And what exactly happened to Latin America during the Pink Tide? For most leftist and center-left governments, including Brazil and Argentina, there was a shift to reprimarization of the economy, marking a return to extractivism rather than deploying more audacious development strategies that would take time to mature but which would have finally fueled that structural shift which we have been expecting for decades. But these governments succumbed to populism and their desire to remain in power – for the sake of “the people” of course.

The most immediate consequence was that natural resources, such a precious and outstanding differential, have been commodified in a disgraceful and irresponsible fashion. In agriculture as well as in large-scale mining projects, extractivism has stolen the scene and made the development model a corollary of violence, blood, and the denial of the most fundamental rights of those populations traditionally marginalized by growth. Extractivism went a step beyond, dominating the agricultural and animal husbandry sector. The spread of genetically modified organisms in Argentina and Brazil helped to wipe out native species. The environmental costs are extraordinarily high, and may not be reversible. Indigenous and peasant resistance to extractivism, meanwhile, has resulted in violent criminalization and numerous deaths. The death toll of environmental activists and nature defenders has never been so high in Latin America. We are back to colonial times, marked by violence, incarceration and expropriation.

And what exactly happened to Latin America during the Pink Tide? For most leftist and center-left governments, including Brazil and Argentina, there was a shift to reprimarization of the economy, marking a return to extractivism

Both left and right fell silent when it came to this sort of development and the brutal violence it wrought, as if this were only the price to pay in the search for progress. Similar silence met the alliance between democratically elected left-wing leaders, Latin America’s traditional rentier elites, and major mining and agribusiness multinationals. The return to extractivism brought an even greater concentration of power and wealth, feeding the growing dilution of environmental regulations and the savage repression of Indigenous, peasant, and environmentalist movements. It also strengthened the most conservative groups in Parliament, as is the case of Brazil. The Brazilian agribusiness, for instance, is a leading force within any current political coalition. They are now more powerful than 15 years ago, because they spread their influence for having been chosen as the Brazilian “global players” to compete in international markets.

Meanwhile, states continue to evade prior consultation with respect to the use of land, as established by law in many countries. In the absence of official mechanisms of consultation, people establish autonomous ones, which are denied by the states and severely repressed, ranging from judicial intimidation to illegal incarcerations and assassinations.

Latin America remains not only the most unequal region in the world but also the most violent.
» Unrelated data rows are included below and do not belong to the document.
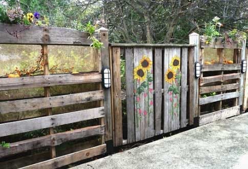 Давайте присмотримся к деревянным паллетам поближе. Можно сказать, что это горизонтальная плоскость с бортиками. А что мы увидим, перевернув ее в вертикальное положение? Напоминает ширму, а если поставить рядом не одну, а, скажем, десять? В итоге у нас получается забор! Немного пофантазировав, можно придать такому ограждению оригинальный и красивый вид.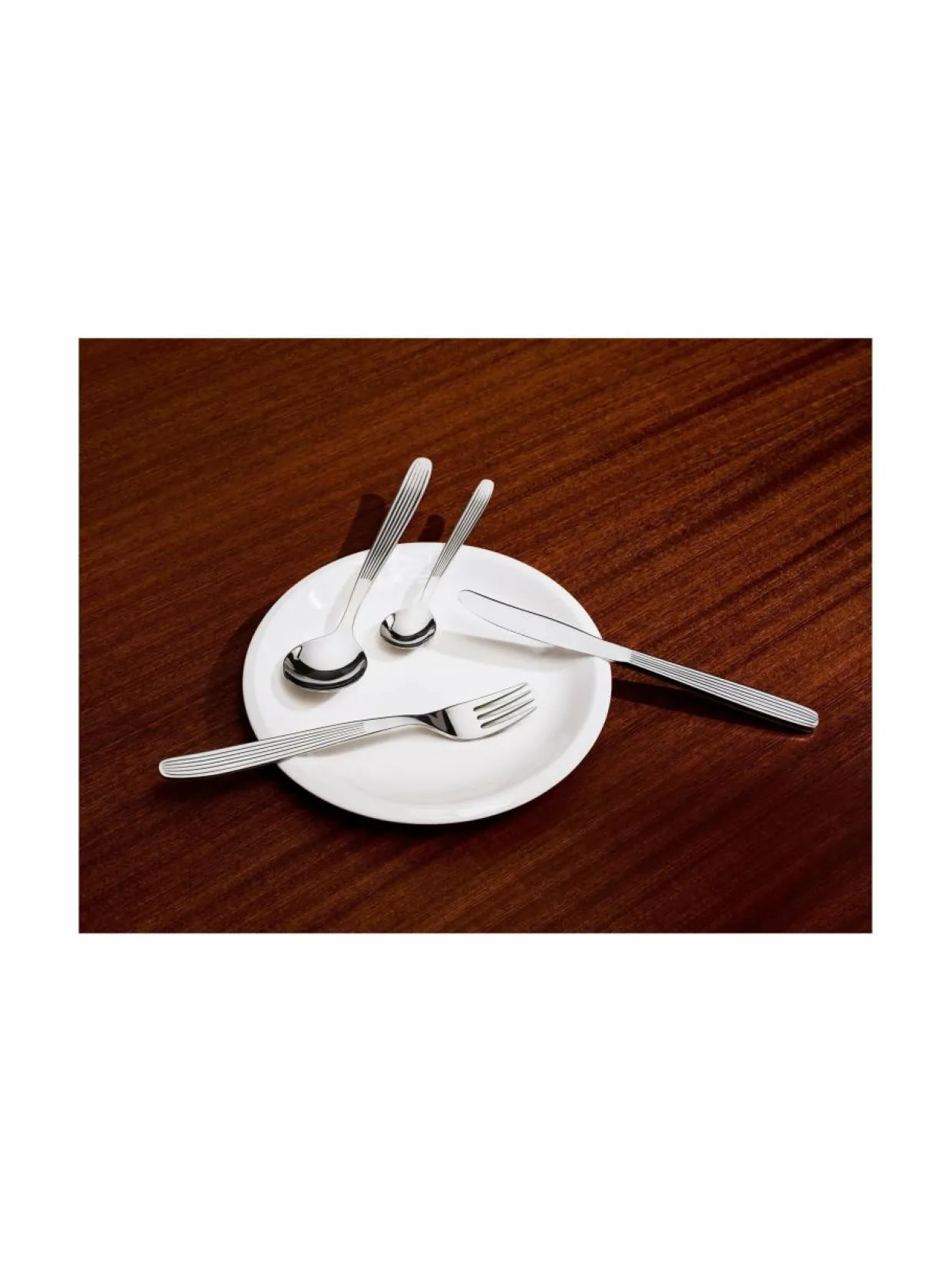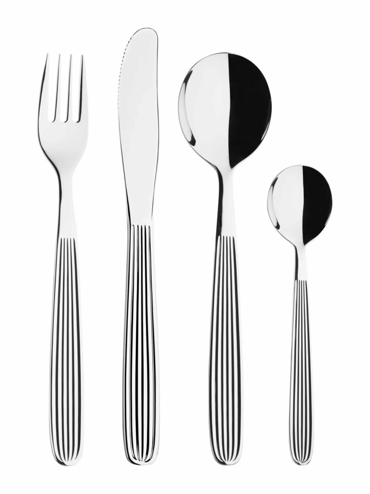 Scandic-aterinpakkaus sisältää 6 ruokahaarukkaa, 6 ruokaveistä, 6 ruokalusikkaa ja 6 kahvilusikkaa. Varsien uritetun kuvioinnin ansiosta ruokailuvälineitä on helppo käsitellä ja ne pysyvät tukevasti kädessä. Materiaalina ruostumaton teräs korostaa linjakasta muotoilua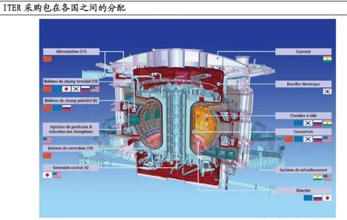國際上,國際熱核聚變實(shí)驗(yàn)堆ITER是全球在建的規(guī)模最大的可控磁約束核聚變裝置,由歐、中、俄、韓、日、美、印等7 方30 個國家聯(lián)合參與建設(shè),其中中方實(shí)物+現(xiàn)金貢獻(xiàn)度達(dá)9%。

And the commodities consensus, as coined by Maristella Svampa, persists.

We are back to colonial times, marked by violence, incarceration and expropriation

Let me quote Carlos de la Torre’s view of this wave of radical populism: “In Venezuela and Ecuador, new populist caudillos of the 21st century are concentrating power in their own hands and are undermining both the separation of powers as well as the institutional spaces that guarantee civil society’s autonomy from the state. If under neoliberalism the market penetrated and weakened a fragile civil society, under twenty first century socialism, the state attempts to control or co-opt social movements. In Venezuela and Ecuador, and to a lesser extent in Bolivia, citizen’s rights to form independent political associations or organizations to express themselves without fear of reprisal are being undermined and attacked at the same time that press and media freedom are being curtailed”(In Name of the People, 2013:33).
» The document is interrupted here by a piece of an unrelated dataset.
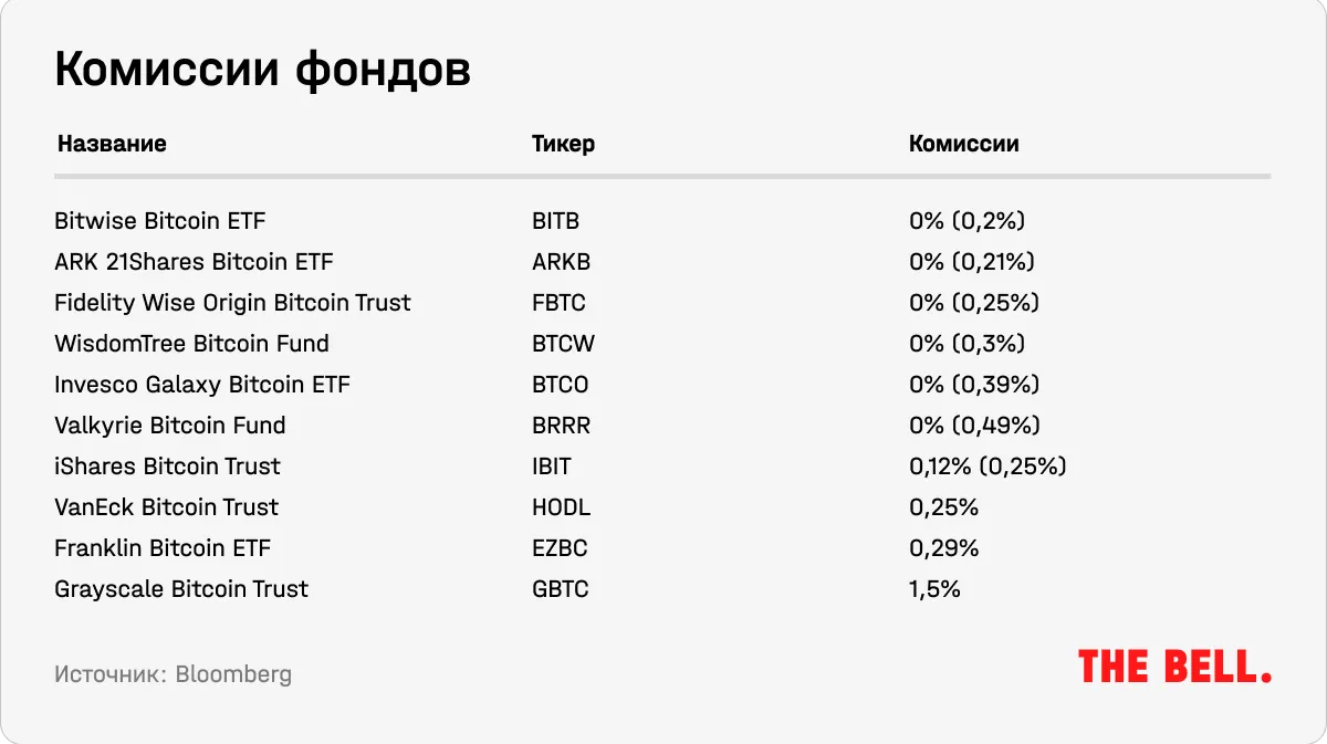 Комиссии ETF будут варьироваться в размере от 0,2% до 1,5%, при этом некоторые провайдеры, в том числе BlackRock, Ark Investment Management и Invesco, уже объявили о планах полностью отказаться от комиссий на 6–12 месяцев, чтобы привлечь инвесторов (см. график ниже). Однако фонды также зарабатывают и на спредах: анализ WSJ, проведенный днем в четверг, показал, что спреды разнятся от 2 центов у Bitwise до 58 центов у WisdomTree. C ростом объемов торгов ликвидность может вырасти, а спреды — снизиться, отмечает издание.

Shall we consider that this has nothing to do with the economic model put in place by recent leftist and center-left Latin American governments and their priorities with regard to social policies?

The backlash we have experienced – and which is far from being reversed – calls into question those choices and shortcomings which have characterized the trajectory of leftist and democratic parties since the rise of neoliberalism. It is true that throughout the twentieth century we witnessed several processes entailing a renewal and a recomposition of the Left. But after the fall of the Berlin Wall, the way that leftist and democratic parties embraced neoliberalism and ignored the fact that people’s lives were rapidly and profoundly deteriorating and that suffering was spreading – this was a clear indication that the Left had already succumbed and was declining to represent our political, social and economic aspirations.

Looking at Brazil, makes me realize that the losses still to come are difficult to measure and evaluate – not to mention those losses that have already been incurred. But why not mention few of them – these include, in the first instance, the loss of hope for or any faith in change. In the second instance, there is the loss of dignity and security, without which any prosperity worthy of the name is meaningless. In this race to the bottom it would seem that the bottom is being lowered on a daily basis and with no end in sight. So just how are we to forestall this disaster and redress the situation?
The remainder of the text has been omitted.